No repair: Repair is needed when we are hurt or betrayed. Repair is when responsibility is taken, apologies, and direct confirmation of what will be different in the future. When we’re not repaired, we learn that our feelings don’t matter.

Learned helplessness: Learned helplessness can happen when we do not model how to solve problems, find solutions, and are not given the ability to leave abusive situations. This robs us of our ability to be resilient adults.

Lack of personal responsibility: The key feature of the dysfunctional is blaming others for problems or problems. When we don’t see adults taking responsibility, we learn to externalize our power.
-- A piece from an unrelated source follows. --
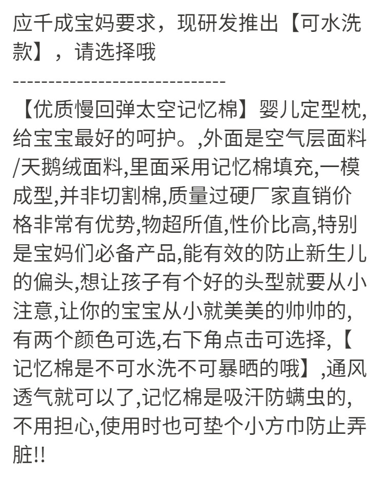 아기 베개 스타일링 베개 0-1 세 신생아 수정 편차 방지 머리 어린이 아기 베개 메모리 면 사계절스토어 가기

This leaves us at the whim of other people’s actions.

Lack of joy, play, or self-gratification: Another key feature of dysfunctional families is “excessive seriousness.” This could come from the long-term survival mode with no gameplay. We struggle to be light-hearted or allow ourselves to lose.

There is no place to be a child: When we become parents (created to fill the parent role), we lack the ability to grow emotionally. This is because we are focused on “mature” adult issues. This surprises us emotionally and causes us to fix what we need to fix.

No room for mistakes: Errors are essential for growth and learning logic. Excellence is required in dysfunctional families. Bugs are considered a weakness. This gives us problems of procrastination and chronic fear of criticism.

Such experiences can affect us directly or indirectly in our adult life. Consulting a specialist for the solution of problems arising from childhood traumas will affect your life positively.